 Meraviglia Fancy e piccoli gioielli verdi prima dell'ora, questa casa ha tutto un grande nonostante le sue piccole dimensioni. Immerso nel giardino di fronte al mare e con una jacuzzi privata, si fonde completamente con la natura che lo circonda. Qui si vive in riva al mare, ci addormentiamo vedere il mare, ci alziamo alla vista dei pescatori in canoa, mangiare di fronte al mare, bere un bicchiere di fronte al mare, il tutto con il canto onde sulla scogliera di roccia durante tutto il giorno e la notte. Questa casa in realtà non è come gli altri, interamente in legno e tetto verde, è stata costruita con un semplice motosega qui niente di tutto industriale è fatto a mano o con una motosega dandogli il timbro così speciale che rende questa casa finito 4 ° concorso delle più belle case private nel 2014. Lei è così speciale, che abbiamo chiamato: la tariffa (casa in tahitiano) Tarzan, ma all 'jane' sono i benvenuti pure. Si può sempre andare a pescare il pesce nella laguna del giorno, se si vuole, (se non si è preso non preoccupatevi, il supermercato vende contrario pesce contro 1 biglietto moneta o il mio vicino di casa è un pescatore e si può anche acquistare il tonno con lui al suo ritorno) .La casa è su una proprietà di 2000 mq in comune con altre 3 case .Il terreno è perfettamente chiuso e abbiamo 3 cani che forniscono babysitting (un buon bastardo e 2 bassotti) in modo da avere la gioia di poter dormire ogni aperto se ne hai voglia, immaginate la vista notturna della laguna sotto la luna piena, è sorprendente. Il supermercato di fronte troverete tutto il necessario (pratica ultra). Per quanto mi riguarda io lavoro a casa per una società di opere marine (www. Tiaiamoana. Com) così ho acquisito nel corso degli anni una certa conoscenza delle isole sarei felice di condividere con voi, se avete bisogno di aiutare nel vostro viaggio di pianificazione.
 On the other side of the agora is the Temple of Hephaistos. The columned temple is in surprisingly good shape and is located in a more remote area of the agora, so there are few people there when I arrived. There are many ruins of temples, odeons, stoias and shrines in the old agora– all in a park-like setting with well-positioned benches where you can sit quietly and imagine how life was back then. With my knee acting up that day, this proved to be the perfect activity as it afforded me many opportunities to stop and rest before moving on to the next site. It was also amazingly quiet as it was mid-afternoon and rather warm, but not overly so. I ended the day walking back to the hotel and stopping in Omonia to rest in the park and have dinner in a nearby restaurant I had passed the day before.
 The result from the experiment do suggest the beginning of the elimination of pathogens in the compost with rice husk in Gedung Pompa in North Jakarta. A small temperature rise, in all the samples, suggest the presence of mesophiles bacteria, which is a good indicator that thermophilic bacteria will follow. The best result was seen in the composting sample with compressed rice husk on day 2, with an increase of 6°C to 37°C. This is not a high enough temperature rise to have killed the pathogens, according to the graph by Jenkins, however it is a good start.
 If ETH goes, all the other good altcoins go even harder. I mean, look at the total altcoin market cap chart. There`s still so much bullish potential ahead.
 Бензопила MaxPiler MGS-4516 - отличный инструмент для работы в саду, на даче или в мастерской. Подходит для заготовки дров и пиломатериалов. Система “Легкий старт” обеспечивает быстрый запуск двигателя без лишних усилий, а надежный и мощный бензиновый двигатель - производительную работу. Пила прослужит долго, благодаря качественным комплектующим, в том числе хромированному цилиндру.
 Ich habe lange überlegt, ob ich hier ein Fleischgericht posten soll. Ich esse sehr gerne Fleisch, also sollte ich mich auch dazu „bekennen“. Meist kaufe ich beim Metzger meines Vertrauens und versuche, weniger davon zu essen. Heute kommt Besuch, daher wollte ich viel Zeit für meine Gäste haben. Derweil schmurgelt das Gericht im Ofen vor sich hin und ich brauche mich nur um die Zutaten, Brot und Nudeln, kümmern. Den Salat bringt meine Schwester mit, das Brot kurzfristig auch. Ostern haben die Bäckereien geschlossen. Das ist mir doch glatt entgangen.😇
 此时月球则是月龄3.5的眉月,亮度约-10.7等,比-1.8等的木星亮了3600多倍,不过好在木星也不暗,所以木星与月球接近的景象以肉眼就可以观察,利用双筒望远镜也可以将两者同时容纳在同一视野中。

* [Task goal]:
Transcribe each entry exactly.

* [Reply]:
 Meraviglia Fancy e piccoli gioielli verdi prima dell'ora, questa casa ha tutto un grande nonostante le sue piccole dimensioni. Immerso nel giardino di fronte al mare e con una jacuzzi privata, si fonde completamente con la natura che lo circonda. Qui si vive in riva al mare, ci addormentiamo vedere il mare, ci alziamo alla vista dei pescatori in canoa, mangiare di fronte al mare, bere un bicchiere di fronte al mare, il tutto con il canto onde sulla scogliera di roccia durante tutto il giorno e la notte. Questa casa in realtà non è come gli altri, interamente in legno e tetto verde, è stata costruita con un semplice motosega qui niente di tutto industriale è fatto a mano o con una motosega dandogli il timbro così speciale che rende questa casa finito 4 ° concorso delle più belle case private nel 2014. Lei è così speciale, che abbiamo chiamato: la tariffa (casa in tahitiano) Tarzan, ma all 'jane' sono i benvenuti pure. Si può sempre andare a pescare il pesce nella laguna del giorno, se si vuole, (se non si è preso non preoccupatevi, il supermercato vende contrario pesce contro 1 biglietto moneta o il mio vicino di casa è un pescatore e si può anche acquistare il tonno con lui al suo ritorno) .La casa è su una proprietà di 2000 mq in comune con altre 3 case .Il terreno è perfettamente chiuso e abbiamo 3 cani che forniscono babysitting (un buon bastardo e 2 bassotti) in modo da avere la gioia di poter dormire ogni aperto se ne hai voglia, immaginate la vista notturna della laguna sotto la luna piena, è sorprendente. Il supermercato di fronte troverete tutto il necessario (pratica ultra). Per quanto mi riguarda io lavoro a casa per una società di opere marine (www. Tiaiamoana. Com) così ho acquisito nel corso degli anni una certa conoscenza delle isole sarei felice di condividere con voi, se avete bisogno di aiutare nel vostro viaggio di pianificazione.
 On the other side of the agora is the Temple of Hephaistos. The columned temple is in surprisingly good shape and is located in a more remote area of the agora, so there are few people there when I arrived. There are many ruins of temples, odeons, stoias and shrines in the old agora– all in a park-like setting with well-positioned benches where you can sit quietly and imagine how life was back then. With my knee acting up that day, this proved to be the perfect activity as it afforded me many opportunities to stop and rest before moving on to the next site. It was also amazingly quiet as it was mid-afternoon and rather warm, but not overly so. I ended the day walking back to the hotel and stopping in Omonia to rest in the park and have dinner in a nearby restaurant I had passed the day before.
 The result from the experiment do suggest the beginning of the elimination of pathogens in the compost with rice husk in Gedung Pompa in North Jakarta. A small temperature rise, in all the samples, suggest the presence of mesophiles bacteria, which is a good indicator that thermophilic bacteria will follow. The best result was seen in the composting sample with compressed rice husk on day 2, with an increase of 6°C to 37°C. This is not a high enough temperature rise to have killed the pathogens, according to the graph by Jenkins, however it is a good start.
 If ETH goes, all the other good altcoins go even harder. I mean, look at the total altcoin market cap chart. There`s still so much bullish potential ahead.
 Бензопила MaxPiler MGS-4516 - отличный инструмент для работы в саду, на даче или в мастерской. Подходит для заготовки дров и пиломатериалов. Система “Легкий старт” обеспечивает быстрый запуск двигателя без лишних усилий, а надежный и мощный бензиновый двигатель - производительную работу. Пила прослужит долго, благодаря качественным комплектующим, в том числе хромированному цилиндру.
 Ich habe lange überlegt, ob ich hier ein Fleischgericht posten soll. Ich esse sehr gerne Fleisch, also sollte ich mich auch dazu „bekennen“. Meist kaufe ich beim Metzger meines Vertrauens und versuche, weniger davon zu essen. Heute kommt Besuch, daher wollte ich viel Zeit für meine Gäste haben. Derweil schmurgelt das Gericht im Ofen vor sich hin und ich brauche mich nur um die Zutaten, Brot und Nudeln, kümmern. Den Salat bringt meine Schwester mit, das Brot kurzfristig auch. Ostern haben die Bäckereien geschlossen. Das ist mir doch glatt entgangen.😇
 此时月球则是月龄3.5的眉月,亮度约-10.7等,比-1.8等的木星亮了3600多倍,不过好在木星也不暗,所以木星与月球接近的景象以肉眼就可以观察,利用双筒望远镜也可以将两者同时容纳在同一视野中。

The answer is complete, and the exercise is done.